• _Work request_
How do the lines below between the ones holding "A calibration point" and "Product Name Analog", inclusive, read? Give them again exactly, with no other lines.

• _Listed records_
+--
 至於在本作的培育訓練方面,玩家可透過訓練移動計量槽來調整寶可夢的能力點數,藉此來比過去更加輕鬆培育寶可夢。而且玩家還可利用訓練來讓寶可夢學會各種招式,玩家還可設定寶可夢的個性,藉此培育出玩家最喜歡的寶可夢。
+--
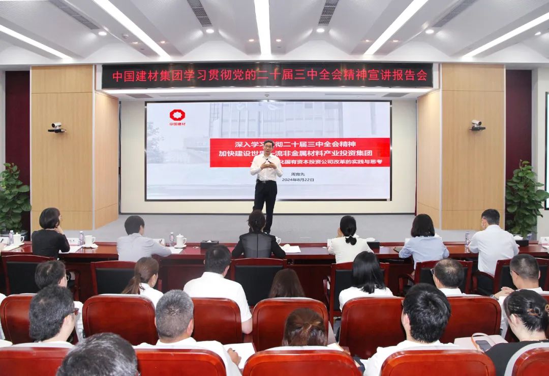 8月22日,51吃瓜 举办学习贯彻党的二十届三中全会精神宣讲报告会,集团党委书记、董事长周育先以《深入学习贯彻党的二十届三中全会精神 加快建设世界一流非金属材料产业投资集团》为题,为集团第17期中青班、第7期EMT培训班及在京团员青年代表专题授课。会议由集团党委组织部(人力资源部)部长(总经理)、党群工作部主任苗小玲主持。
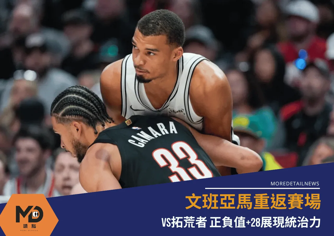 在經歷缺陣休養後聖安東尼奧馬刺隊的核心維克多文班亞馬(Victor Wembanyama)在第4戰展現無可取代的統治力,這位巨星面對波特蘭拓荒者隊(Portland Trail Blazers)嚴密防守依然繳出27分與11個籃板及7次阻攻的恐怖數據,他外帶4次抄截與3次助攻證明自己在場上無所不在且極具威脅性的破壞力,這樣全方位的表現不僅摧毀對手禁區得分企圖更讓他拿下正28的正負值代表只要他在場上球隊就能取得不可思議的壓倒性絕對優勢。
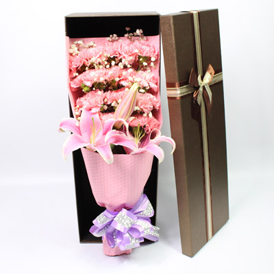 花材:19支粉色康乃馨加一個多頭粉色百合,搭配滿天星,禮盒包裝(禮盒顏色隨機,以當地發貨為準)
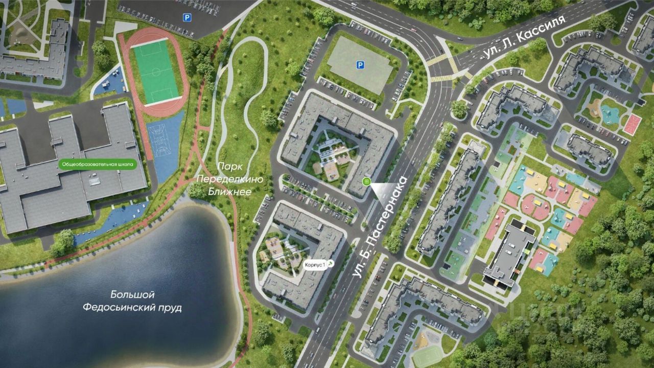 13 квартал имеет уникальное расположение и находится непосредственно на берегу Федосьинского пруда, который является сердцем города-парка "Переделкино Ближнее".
+--
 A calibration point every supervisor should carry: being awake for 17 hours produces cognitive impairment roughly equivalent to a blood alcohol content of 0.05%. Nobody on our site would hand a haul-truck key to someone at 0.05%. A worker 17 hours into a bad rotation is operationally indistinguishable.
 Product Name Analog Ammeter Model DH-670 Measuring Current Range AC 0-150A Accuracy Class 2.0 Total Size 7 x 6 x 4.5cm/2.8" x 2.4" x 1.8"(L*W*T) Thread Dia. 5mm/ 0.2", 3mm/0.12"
+--
• _Solution for this exercise_
 A calibration point every supervisor should carry: being awake for 17 hours produces cognitive impairment roughly equivalent to a blood alcohol content of 0.05%. Nobody on our site would hand a haul-truck key to someone at 0.05%. A worker 17 hours into a bad rotation is operationally indistinguishable.
 Product Name Analog Ammeter Model DH-670 Measuring Current Range AC 0-150A Accuracy Class 2.0 Total Size 7 x 6 x 4.5cm/2.8" x 2.4" x 1.8"(L*W*T) Thread Dia. 5mm/ 0.2", 3mm/0.12"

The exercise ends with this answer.